**WHAT YOU SHOULD DO:** From the entries below, copy exactly the lines from the one that contains "虎邊廂房供奉的是財神爺, 據信為文財神。" through the one that contains "En cuanto a", both included, and only those.
[Opening DATA section]
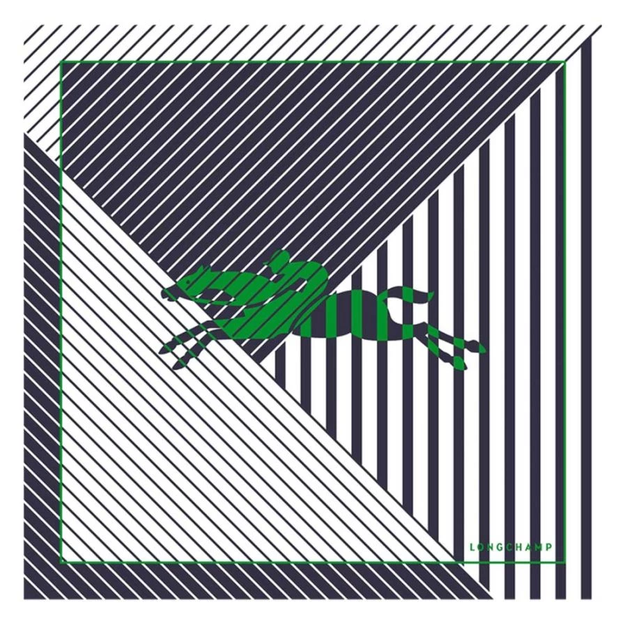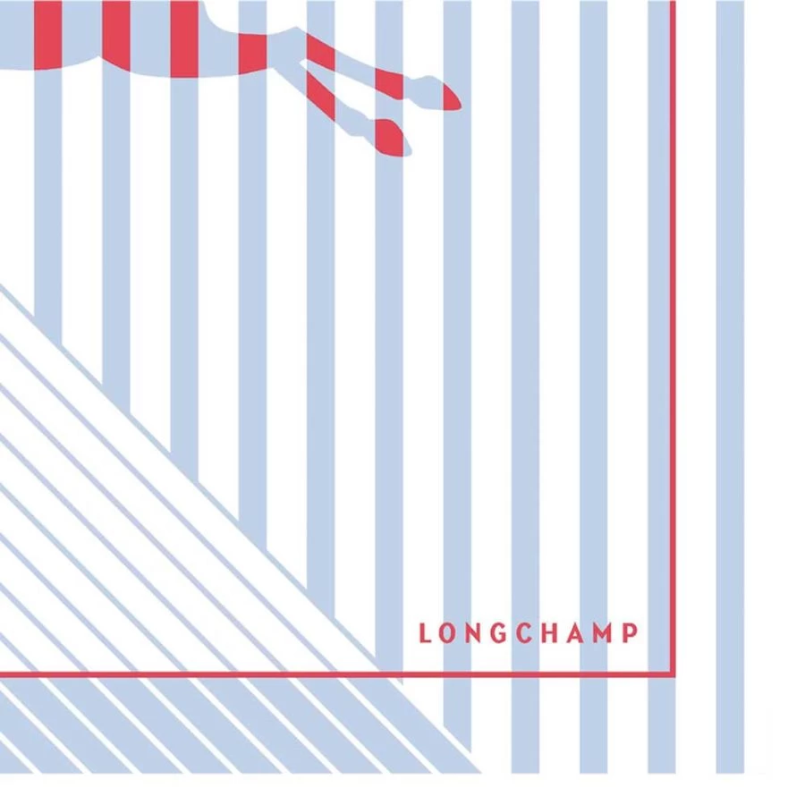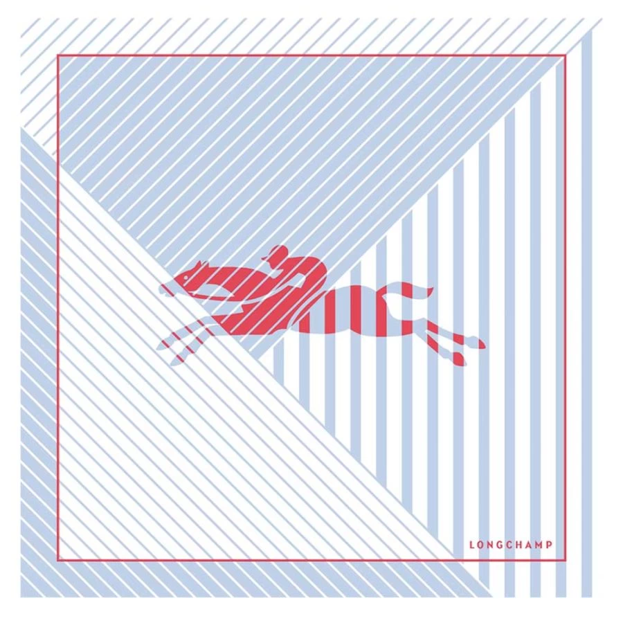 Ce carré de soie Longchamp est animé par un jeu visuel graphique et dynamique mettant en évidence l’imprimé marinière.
[Closing DATA section]
[Opening DATA section]
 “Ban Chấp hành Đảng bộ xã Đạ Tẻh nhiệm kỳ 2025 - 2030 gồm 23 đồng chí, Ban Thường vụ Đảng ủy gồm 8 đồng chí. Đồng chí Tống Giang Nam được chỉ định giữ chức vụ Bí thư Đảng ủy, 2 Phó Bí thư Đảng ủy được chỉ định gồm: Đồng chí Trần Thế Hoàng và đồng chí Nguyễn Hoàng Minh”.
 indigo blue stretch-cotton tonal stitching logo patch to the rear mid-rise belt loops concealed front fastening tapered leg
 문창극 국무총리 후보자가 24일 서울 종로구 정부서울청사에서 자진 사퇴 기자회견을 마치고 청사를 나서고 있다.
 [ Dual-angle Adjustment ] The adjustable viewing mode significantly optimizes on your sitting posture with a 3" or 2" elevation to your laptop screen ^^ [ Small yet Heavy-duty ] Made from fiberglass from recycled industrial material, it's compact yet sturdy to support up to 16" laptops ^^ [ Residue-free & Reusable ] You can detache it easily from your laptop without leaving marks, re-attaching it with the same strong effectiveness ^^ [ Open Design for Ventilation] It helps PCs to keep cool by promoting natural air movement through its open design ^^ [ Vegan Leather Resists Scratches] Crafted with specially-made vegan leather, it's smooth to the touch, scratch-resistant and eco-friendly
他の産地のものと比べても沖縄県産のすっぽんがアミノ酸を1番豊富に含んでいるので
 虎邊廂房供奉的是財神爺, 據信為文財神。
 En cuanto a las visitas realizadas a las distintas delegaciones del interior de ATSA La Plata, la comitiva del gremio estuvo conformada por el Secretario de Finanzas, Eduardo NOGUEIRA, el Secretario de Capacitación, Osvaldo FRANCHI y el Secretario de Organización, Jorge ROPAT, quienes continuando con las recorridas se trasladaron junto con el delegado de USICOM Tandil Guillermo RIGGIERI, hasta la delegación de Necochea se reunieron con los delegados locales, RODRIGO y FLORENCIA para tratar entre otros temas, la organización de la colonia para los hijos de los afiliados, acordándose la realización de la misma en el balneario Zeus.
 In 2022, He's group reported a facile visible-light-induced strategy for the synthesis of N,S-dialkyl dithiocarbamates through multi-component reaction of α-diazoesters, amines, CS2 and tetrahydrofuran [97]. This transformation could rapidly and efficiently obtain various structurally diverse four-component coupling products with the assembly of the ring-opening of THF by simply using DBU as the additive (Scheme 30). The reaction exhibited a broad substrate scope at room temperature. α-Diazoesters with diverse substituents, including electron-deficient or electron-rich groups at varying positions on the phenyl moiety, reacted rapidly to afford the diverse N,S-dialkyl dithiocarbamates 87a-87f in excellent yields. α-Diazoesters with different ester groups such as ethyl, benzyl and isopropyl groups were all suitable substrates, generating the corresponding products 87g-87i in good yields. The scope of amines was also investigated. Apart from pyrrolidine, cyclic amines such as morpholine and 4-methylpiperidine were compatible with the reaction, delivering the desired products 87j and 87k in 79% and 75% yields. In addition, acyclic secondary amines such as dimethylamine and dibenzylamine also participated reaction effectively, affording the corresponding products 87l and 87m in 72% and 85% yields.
[Closing DATA section]
**RESPONSE TO THIS TASK:**
 虎邊廂房供奉的是財神爺, 據信為文財神。
 En cuanto a las visitas realizadas a las distintas delegaciones del interior de ATSA La Plata, la comitiva del gremio estuvo conformada por el Secretario de Finanzas, Eduardo NOGUEIRA, el Secretario de Capacitación, Osvaldo FRANCHI y el Secretario de Organización, Jorge ROPAT, quienes continuando con las recorridas se trasladaron junto con el delegado de USICOM Tandil Guillermo RIGGIERI, hasta la delegación de Necochea se reunieron con los delegados locales, RODRIGO y FLORENCIA para tratar entre otros temas, la organización de la colonia para los hijos de los afiliados, acordándose la realización de la misma en el balneario Zeus.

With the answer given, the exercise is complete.